Magic as plot and magic as system

Whenever a work of fiction creates a world that doesn’t abide by our familiar rules, there’s a choice: how much do the creators constrain themselves by writing the new rules?

I used the term “magic” here, but the force that changes the normal rules can just as easily be advanced technology (or something else) as the supernatural. This can apply whether the use of magical elements are subtle or pervasive.

There’s two approaches creators can take.

The first is to treat magic as a plot device. This means you don’t define its powers and limits, but simply use it to let characters do things the plot requires — exactly how the plot requires them. If there’s an obstacle to overcome, you just make up a spell or piece of technology or something else that can do the trick. You can make it take the characters as long as necessary to complete it, and make it require as many parts or ingredients as you want the characters to have to track down.

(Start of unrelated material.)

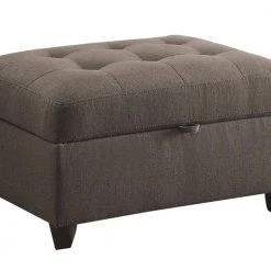 Gray Tufted Linen Upholstered Wooden Ottoman with Storage by Benjara
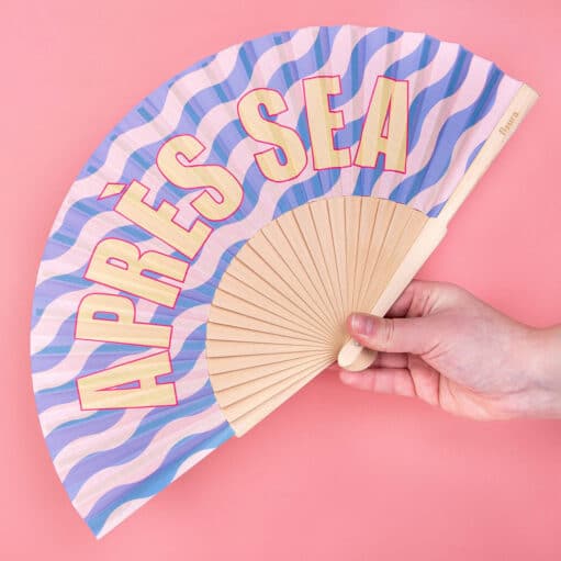 Après-ski kennst du – aber Après-sea ist besser. Der Holzfächer Après Sea von Fisura ist ein fröhlicher Fächer mit blauen und weißen Wellen und dem Text APRÈS SEA in Gelb. Perfekt nach dem Schwimmen, am Strand oder einfach wenn es warm ist und du dir im Urlaub etwas Kühle zufächeln willst.

The other approach is magic as a system. Here, the rules of the alternate world are explicitly defined. So instead of a magic-using character being able to cast any spell they dig out of an old book, people know that the magic-user is limited to conjuring firebolts, healing wounds, and creating forcewalls. Or whatever.

Obviously most works of fiction use some of both approaches. If you define nothing and change and make up rules willy-nilly to satisfy your plot, continuity breaks down, along with the ability to treat the system seriously. If you define everything, you have way too much time on your hands and will bore readers or viewers with too much information.

An example, from a show I’m currently watching, “Buffy the Vampire Slayer.” In that series, creator Joss Whedon explicitly defines the rules of vampires. They have superhuman strength, don’t breathe, can’t enter a home without an invitation, are burned by sunlight, and can only be killed by the sun, fire, decapitation and the old standby, a stake through the heart. Throughout a combined 12 television seasons in the Buffyverse, Whedon never changes those rules — except in rare cases with explanations provided. That’s magic as a system.

Contrast that with this clip from Max Landis, son of director John Landis and the writer of the recent movie Chronicle, from his great 17-minute short about storytelling in comics, “The Death and Return of Superman”:

That’s the fundamental argument behind magic as plot device. In the Buffy example, Whedon uses magic as a plot device for most other uses of magic in his show. The plot calls for something to be done, so Whedon invents a spell to do it, and another spell to reverse it. Similarly, he invents a new species of demon what whatever’s required. A more systematic approach would have defined a finite number of types of demons and stuck to that finite list.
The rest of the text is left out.